- Amazon’s third-quarter report disappointed investors and prompted a massive sell-off, but it’s not yet time to buy the dip, Barclays analyst Ross Sandler said in a Thursday note.
- The company historically sees revenue lag in the fourth quarter, and Amazon’s push into one-day shipping will further intensify the slowdown in the short-term, according to Sandler.
- Buying the dip in Amazon stock is a good idea “in the 7th-8th inning of its investment cycles,” but shares are still in the “3rd-4th inning,” he wrote.
- Watch Amazon trade live here.
Amazon’s third-quarter report led shares to sink to their lowest levels in months, but Barclays says investors should wait before buying the cheapened stock.
The ecommerce giant saw its stock tumble as much as 9% in late Thursday trading after it beat revenue estimates but posted worse-than-expected profits. The company also lowered its guidance for the fourth quarter as it ramps up its one-day shipping program and invests in core businesses.
The internal spending “will no doubt” place the company in a “tremendous competitive position,” but it’s still too early for investors to buy the dip, Barclays analyst Ross Sandler wrote in a Thursday note.
“Historically it’s a good idea to buy AMZN shares in the 7th-8th inning of its investment cycles, closer to where we are coming out, but unfortunately it feels like we are only in the 3rd-4th inning,” Sandler said.

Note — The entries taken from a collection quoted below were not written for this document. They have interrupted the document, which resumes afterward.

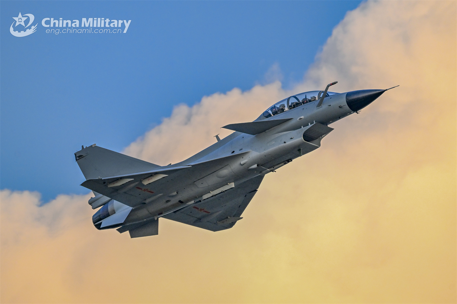 J-10 multi-role fighter jets attached to an aviation brigade under Chinese PLA Air Force fly in formation during a flight training exercise on October 30, 2024. (eng.chinamil.com.cn/Photo by Shang Yanjie)
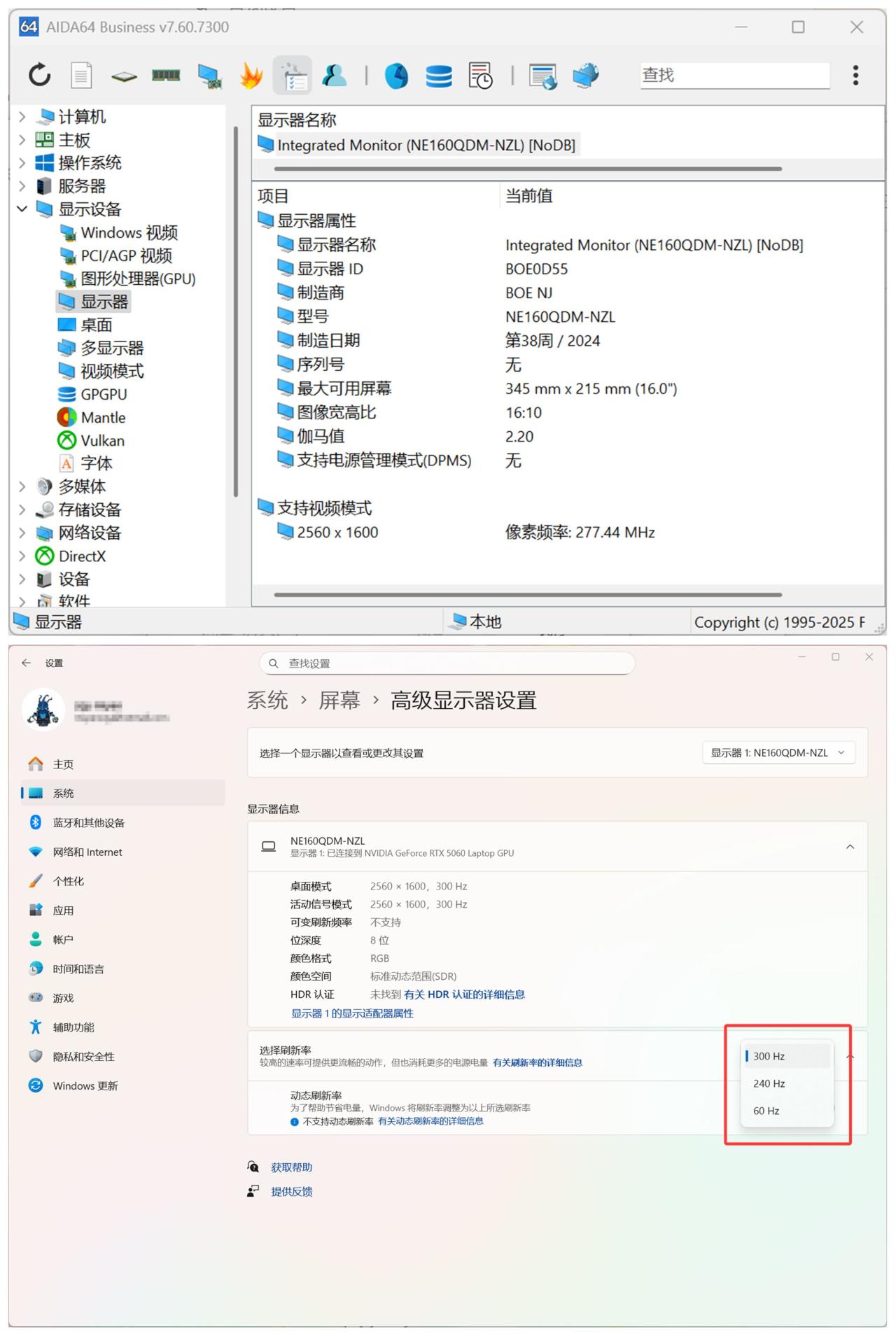 通过 AIDA 64 查询,可以看到熊猫本选用了一块来自于京东方(BOE)的屏幕面板,型号为 BOE0D55。刷新率支持 60Hz、240Hz、300Hz 共三档。
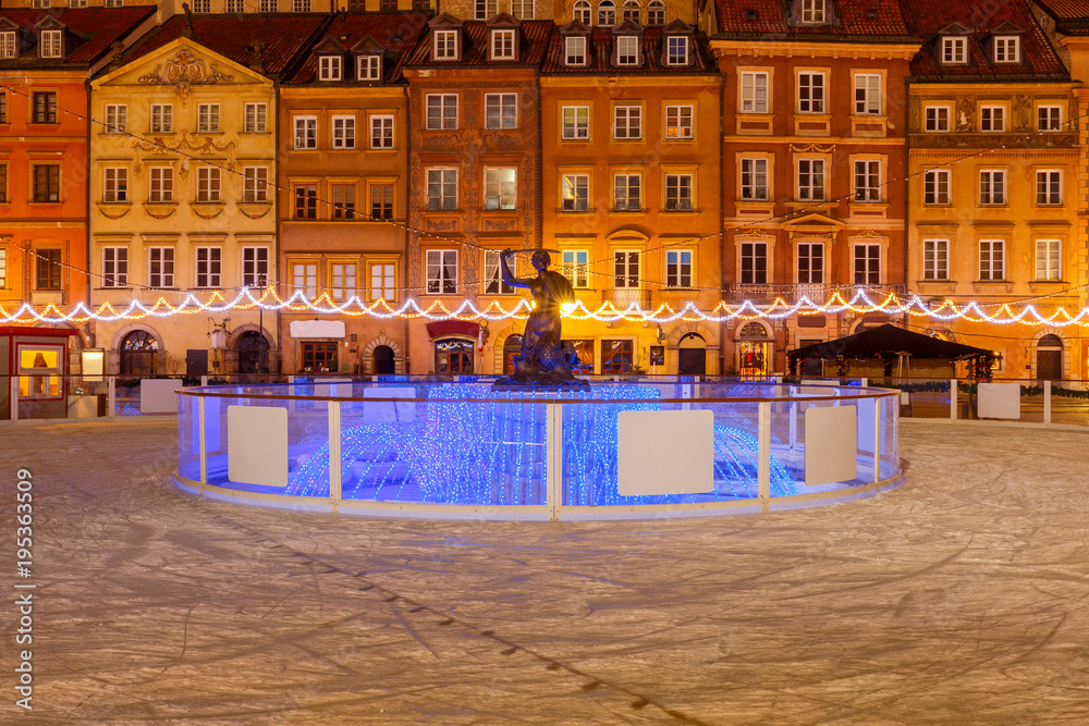 Warsaw. Market square at night.
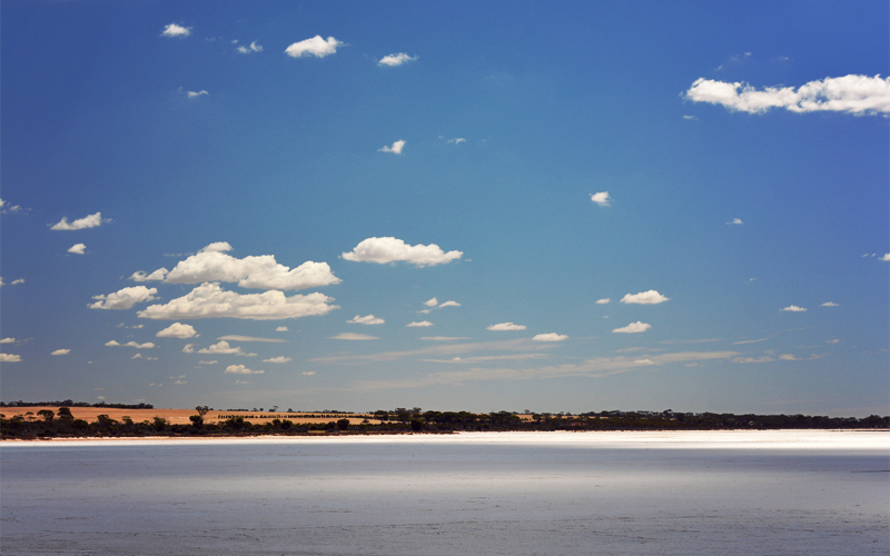 It doesn't much matter now; we just have to somehow cut the distance between Lake Grace and there. With the temperature at a hundred degrees at 11:15 in the morning, we crank past the swimming pool and tennis courts and lawn bowling pitch before crossing the broad and waterless expanse of the lake on a narrow isthmus. Five miles out of town a previous patch on the tube of the rear tire fails. When I patch it again it fails within thirty seconds. At this point it won't shock me if I ride into Bunbury balancing on the back tire with no seat, one pedal, and exactly one gear that still works.

Barclays lowered its price target for Amazon stock to $US2,000 per share from $US2,180 Thursday, maintaining an “overweight” rating and implying a 12.3% upside. The bank anticipates revenue growth to slow through 2021 as Amazon Web Services decelerates from its once-rapid pace of growth.
The company also tends to slow in the fourth quarter, and the trend will only be intensified by its expensive shipping investment, Sandler said.
“The push to 1-Day is driving up costs and creating stress everywhere in the system (exacerbated in 4Q) from outbound shipping, forward inventory management, fulfilment and headcount, marketing, etc., all of which should persist into mid-2020,” he wrote.
However, the analyst said that once one-day shipping is rolled out, the program will have “a flywheel effect” of increasing page views, boosting orders, and driving up advertising revenue. The upgraded Prime membership gives Amazon “a significant competitive advantage,” and despite its slowing growth, the company’s cloud computing business “could be a $US100B business over time,” Sandler said.
Amazon traded at $US1,743.24 per share at 11:15 a.m. ET Friday, up roughly 16% year-to-date.
The company has 52 “buy” ratings, two “hold” ratings, and no “sell” ratings, with a consensus price target of $US2,188.41, according to Bloomberg data.